# Loading the required library
library(dplyr)
##
## Attaching package: 'dplyr'
## The following objects are masked from 'package:stats':
##
## filter, lag
## The following objects are masked from 'package:base':
##
## intersect, setdiff, setequal, union
library(dplyr) : R package, this package provides a consistent unified set of tools and functions for data manipulation.
# Set seeding
set.seed(150)
# Defining the number of rows in each data set
n_rows <- 100
# Data set 1 : df1
df1 <- data.frame(
Prod_ID = sample(1:100),
Menu_Item = sample(c('Harvest Bowl', 'Double Cheese & Bacon', 'Avo Parmesan Crunch with Protein', 'Paella'), n_rows, replace = TRUE),
Price = round(runif(n_rows, 10, 50), 2),
Calories = sample(200:1000, n_rows, replace = TRUE),
Protein_g = sample(10:50, n_rows, replace = TRUE),
Fat_g = sample(5:30, n_rows, replace = TRUE),
Location = sample(c('Melbourne', 'Brisbane', 'Perth', 'Sydney'), n_rows, replace = TRUE)
)
# Calculate 5% of the number of rows
n_rows <- nrow(df1)
n_NA <- round(n_rows * 0.05)
# Randomly select 5% of the rows
rows_to_NA <- sample(1:n_rows, n_NA)
# Set the 'Calories' value to NA for the selected rows
df1$Calories[rows_to_NA] <- NA
# Print the dataframe
head(df1)
# Data set 2 : df2
# Create the data frame
df2 <- data.frame(
Prod_ID = sample(1:100, n_rows, replace = TRUE),
Menu_Item = sample(c('Harvest Bowl', 'Double Cheese & Bacon', 'Avo Parmesan Crunch with Protein', 'Paella'), n_rows, replace = TRUE),
Rating = round(runif(n_rows, 1, 5), 1),
Review_Count = rpois(n_rows, 10),
Is_Spicy = sample(c(0, 1), n_rows, replace = TRUE),
Contains_Garlic = sample(c(0, 1), n_rows, replace = TRUE),
Sales = sample(100:1000, n_rows, replace = TRUE)
)
# Set the desired correlation between Rating and Review_Count
desired_correlation <- 0.5
# Introduce correlated random data for Rating and Review_Count
df2$Review_Count <- desired_correlation * df2$Rating + rnorm(n_rows, mean = 0, sd = sqrt(1 - desired_correlation^2))

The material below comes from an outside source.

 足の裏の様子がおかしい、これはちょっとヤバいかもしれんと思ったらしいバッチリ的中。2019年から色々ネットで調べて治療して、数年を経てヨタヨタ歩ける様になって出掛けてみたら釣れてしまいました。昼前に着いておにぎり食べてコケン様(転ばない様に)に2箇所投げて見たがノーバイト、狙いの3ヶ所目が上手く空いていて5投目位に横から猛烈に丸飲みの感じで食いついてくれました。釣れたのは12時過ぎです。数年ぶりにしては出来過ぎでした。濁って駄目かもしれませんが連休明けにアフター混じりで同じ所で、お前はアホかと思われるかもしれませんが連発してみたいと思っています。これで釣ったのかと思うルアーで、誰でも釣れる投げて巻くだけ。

# Introduce a new column correlated with Rating
df2$New_Co_relation <- 0.7 * df2$Rating + rnorm(n_rows, mean = 0, sd = sqrt(1 - 0.7^2))

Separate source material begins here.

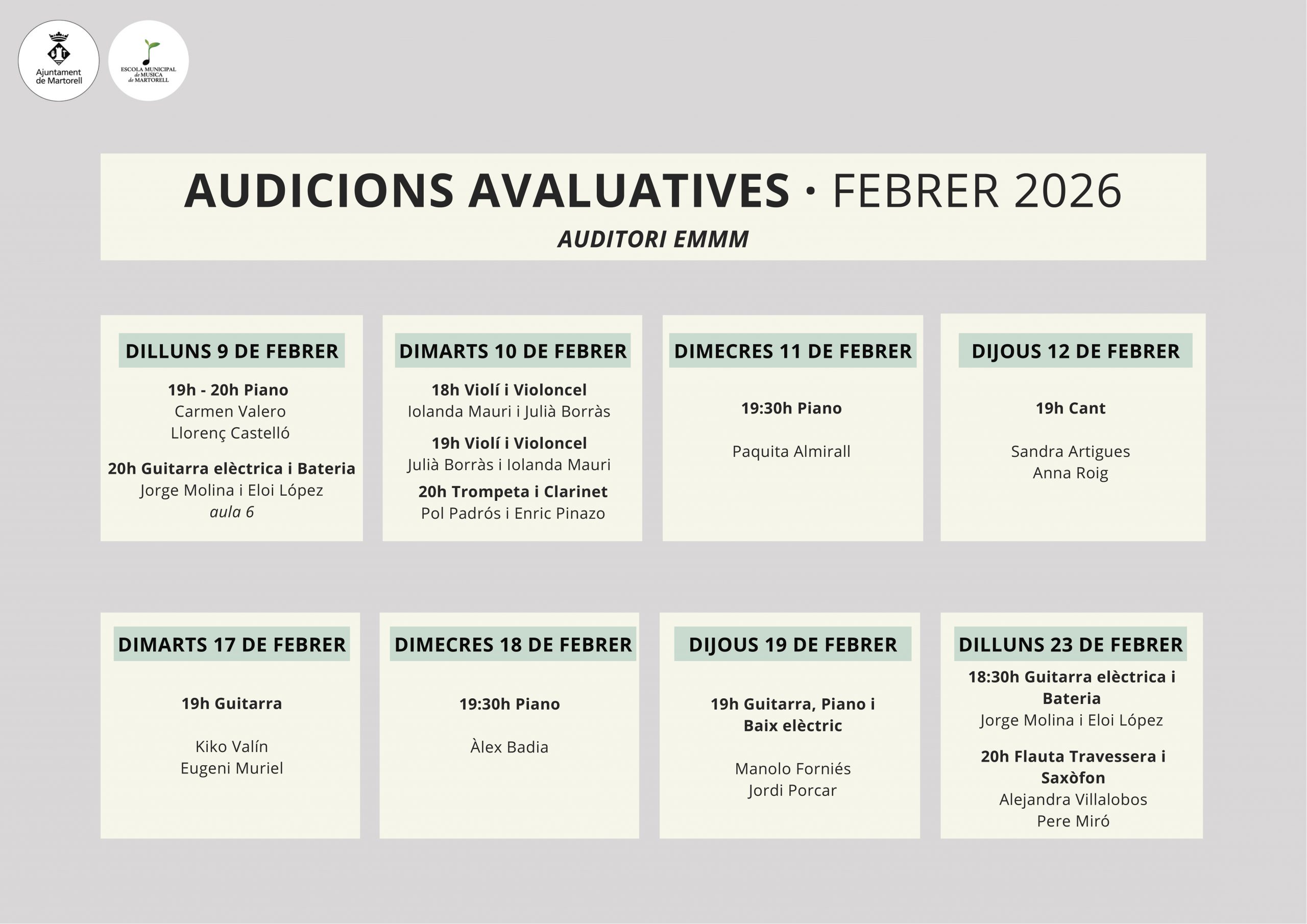 La setmana següent continuaran les audicions avaluatives el dimarts 17 de febrer amb la prova de guitarra (19.00h), dimecres 18 amb la de piano (19.30h), dijous 19 amb la de guitarra, piano i baix elèctric (19.00h), i clouran el dilluns següent, dia 23 de febrer, amb les de guitarra elèctrica i bateria (18.30h) i la de flauta travessera i saxòfon (20.00h).

# Calculate the correlation between Rating and New_Co_relation
cor_rating_new <- cor(df2$Rating, df2$New_Co_relation)
# Print the correlation coefficient between Rating and New_Co_relation
print(cor_rating_new)
## [1] 0.6312243
# Calculate the correlation between Rating and Review_Count
cor_rating_review <- cor(df2$Rating, df2$Review_Count)
# Print the correlation coefficient between Rating and Review_Count
print(cor_rating_review)
## [1] 0.5065912
# Calculate 5% of the number of rows
n_rows <- nrow(df2)
n_NA <- round(n_rows * 0.05)
# Randomly select 5% of the rows
rows_to_NA <- sample(1:n_rows, n_NA)
# Set the 'SALES' value to NA for the selected rows
df2$Sales[rows_to_NA] <- NA
# Print the dataframe
head(df2)
Nando’s, a popular restaurant chain known for its flame-grilled peri-peri chicken.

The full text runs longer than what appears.